El reciente fallo judicial por el caso Lockerbie (atentado, en 1988, contra un avión de Pan Am que causó la muerte de 270 personas) merece algunas consideraciones en las que buena parte de la prensa occidental no se ha empeñado suficientemente.

Como se recordará, el ataque fue atribuido a dos agentes de inteligencia libios. Después de una prolongada disputa, el gobierno de Trípoli, que siempre sostuvo su inocencia, aceptó entregarlos y fueron juzgados por un tribunal escocés constituido en una base militar de los Países Bajos. El tribunal encontró culpable a uno de ellos y absolvió al segundo, un fallo que pareció más destinado a calmar la sed de justicia de los familiares de las víctimas del fatídico vuelo que a encontrar las verdaderas razones y responsabilidades del atentado. Es difícil de sostener que toda la culpabilidad, si efectivamente la tiene, recaiga en un solitario agente de inteligencia.

Pero inmediatamente de producido el fallo, los gobiernos norteamericano y británico se apresuraron a confirmar, por afuera de las decisiones de los organismos internacionales, que las sanciones aplicadas a Libia se mantendrían inalterables hasta tanto Khadafy aceptara su culpa e indemnizara a los familiares de las víctimas, soslayando de ese modo el hecho de que ni Khadafy ni su gobierno estaban siendo juzgados.
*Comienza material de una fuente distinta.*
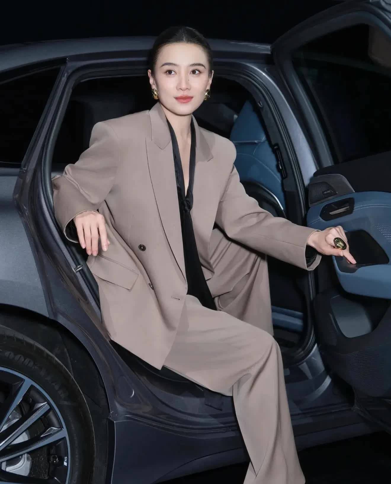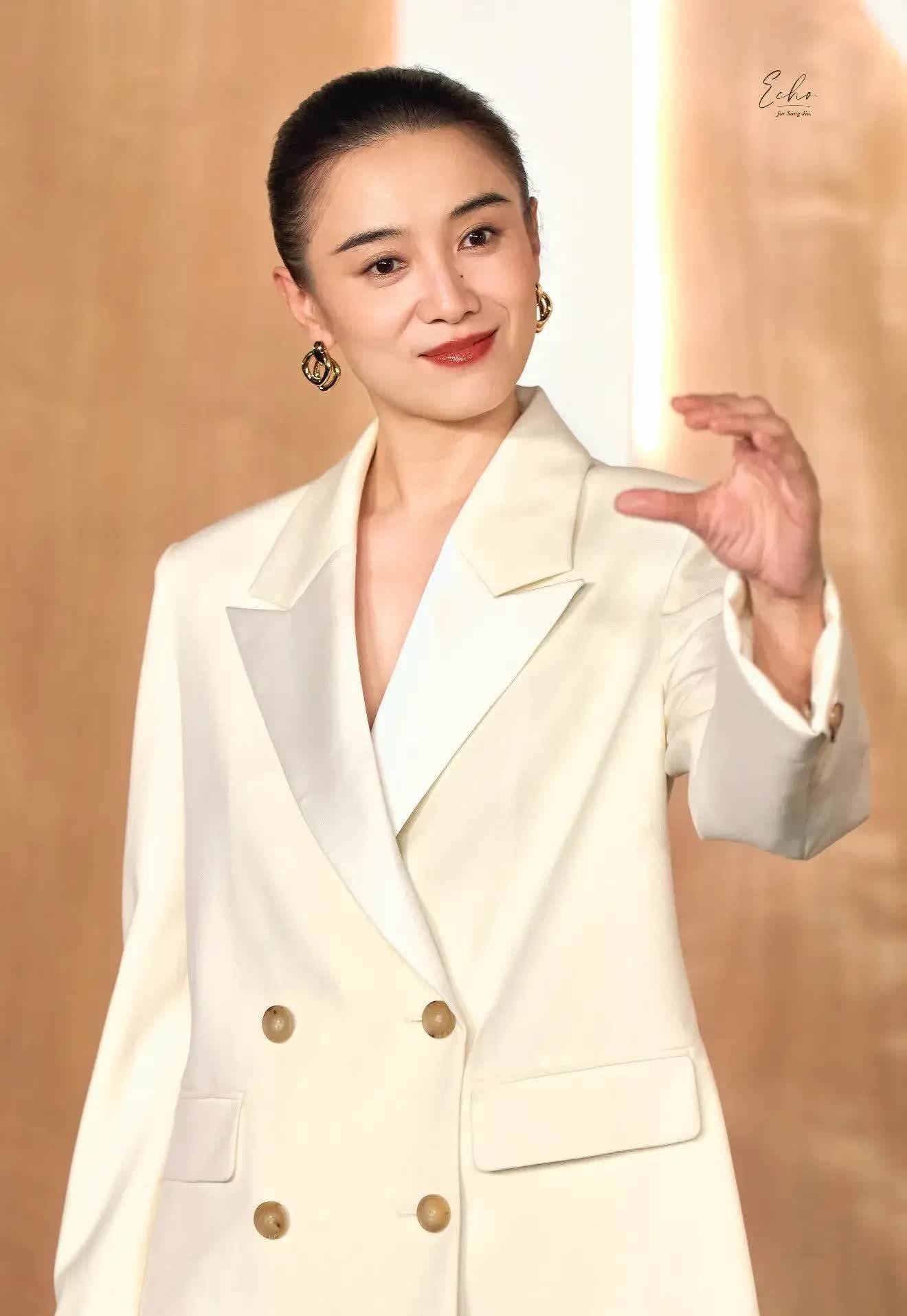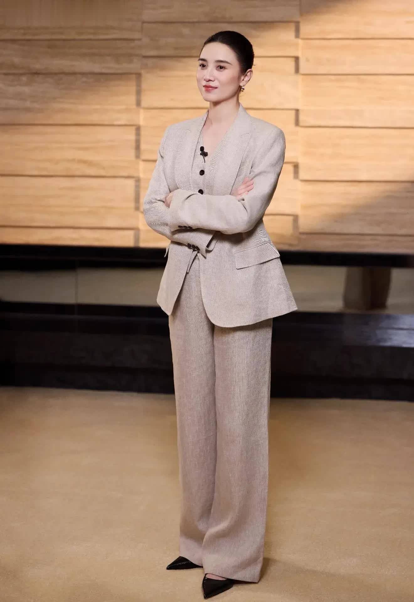 这种纯色系西装她频繁在公众花式穿!除了白色系还有多种配色!比如底下的驼色系,搭配玄色飘带衬衫,骨相好意思的优胜性也很越过!

Las represalias contra Libia -que según Trípoli han costado más de 33.000 millones de dólares- comprenden un embargo de venta de armas y vuelos comerciales, restricciones diplomáticas y la prohibición de la venta de maquinaria necesaria para explotaciones petrolíferas.

Tal vez Khadafy tenga mucho que decir respecto del crimen de Lockerbie, tal vez sepa exactamente lo sucedido, tal vez haya sido él mismo quien ordenó el ataque o hasta podemos imaginar que fue él en persona quien puso la bomba. Pero ésa es una especulción carente de validez jurídica. No se trata de sostener la inocencia de Khadafy; pero no era él quien estaba siendo juzgado ni tampoco hay evidencias concretas de su culpabilidad. Y si Estados Unidos y Gran Bretaña aceptaron centrar sus sospechas sólo en dos imputados, no hay razón que explique la decisión de extender la condena más allá de ellos.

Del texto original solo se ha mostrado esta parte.